Whatever happens on the earth, the rest of the universe will carry on regardless. The motion of the planets around the sun is chaotic, though with a long time scale. The errors in any prediction grow bigger as time goes on. After a certain time, we cannot predict the mention in detail. The motion of the sun and other stars around the galaxy and of the galaxy in the cluster of galaxies is also chaotic.

We observe that other galaxies are moving away from us. The farther they are from us, the faster they are moving away. The universe is expanding in our neighborhood. We observe a backĀ­ground of microwave radiation. This gives evidence that the expansion of the universe is smooth and not chaotic.

The amount of radiation seems to be very nearly the same from every direction. Even if the temperatures are different in different direction the variations are very small, only one part in one lakh. The microwave background is almost the same in every direction. We must assume that the background is also the same in any direction in any other galaxy. This is possible only if the average density of the universe and the rate of expansion are the same everywhere. On a very large scale, the behaviour of the universe is simple. It can therefore predict far into the future.


One can describe the expansion of the universe in terms of the distance between two galaxies. This distance is increasing at the present time. The gravitational attraction between different galaxies would be slowing down the rate of expansion. If the density of the universe is greater than a certain critical value, gravitational attraction will ultimately stop the expansion.

The universe will start to contract again and collapse to a big crunch, a state of infinite density at which the laws of physics would break down. Even if there were events after the big crunch, what happened at them could not be predicted. If the average density of the universe is less than the critical value, it will go on expanding for ever. After a certain time the density will become to low for gravitational attraction to have any effect on the slowing down of the rate of expansion. The galaxies will continue to move apart at a constant speed. Even if the universe is going to re-collapses it will not stop expanding for at least ten billion years.

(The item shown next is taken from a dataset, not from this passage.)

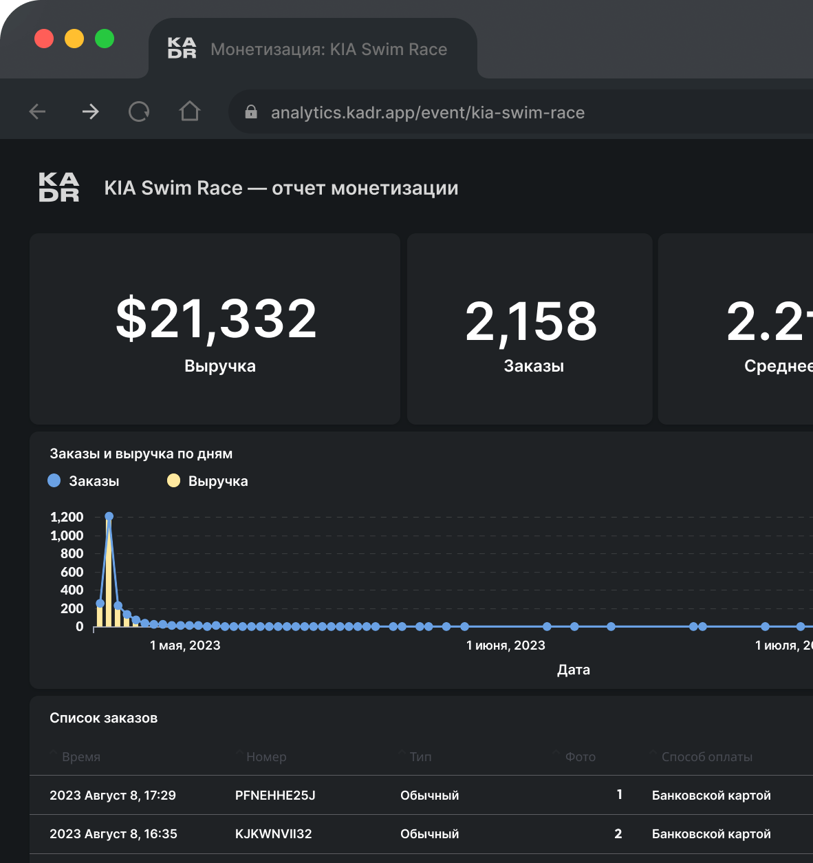 Мы используем KADR на забегах, заплывах, велогонках, OCR и других мероприятиях. Качество сервиса и технологичность всегда на высшем уровне

Our observations can help us estimate the average density of the universe. If we add up the masses of all the stars we can see, we get less than one per cent of the critical density. If the masses of the clouds of gas are added to it, the total comes to only one per cent of the critical density. The universe also contains dark matters which are huge collections of stars and gas. They are rotating about their centers. The rate of rotation is so high that they would fly apart if they contained only the stars and gas.

There must be some unseen form of matter whose gravitational attraction holds the galaxies together as they rotate. Clusters of galaxies are an evidence of dark matter as are spiral galaxies. We observe that galaxies are gathered together in clusters. The speeds at which these galaxies are moving in these clusters are too “high. If not held together by some strong gravitational attraction, they would fly apart. The mass required for such attraction is far greater than the masses of all the galaxies. It follows that there must be extra dark matter present in clusters of galaxies outside the galaxies that we see.


We can estimate the amount of dark matter in the galaxies for which we have definite evidence. This estimate is only one tenth of the critical density needed to cause the universe to collapse again. Thus one would predict that the universe would continue to expand for ever.

After about five billion years the sun would use up its nuclear fuel. It would grow into a red giant, swallow up the earth and other planet and would there settle down to be a white little star. That time is too far ahead. By that time man would have mastered the technique of interstellar travel a small white star. The end of the world is too far away from us. By the time the sun blows up, we should have mastered the art of interstellar travel.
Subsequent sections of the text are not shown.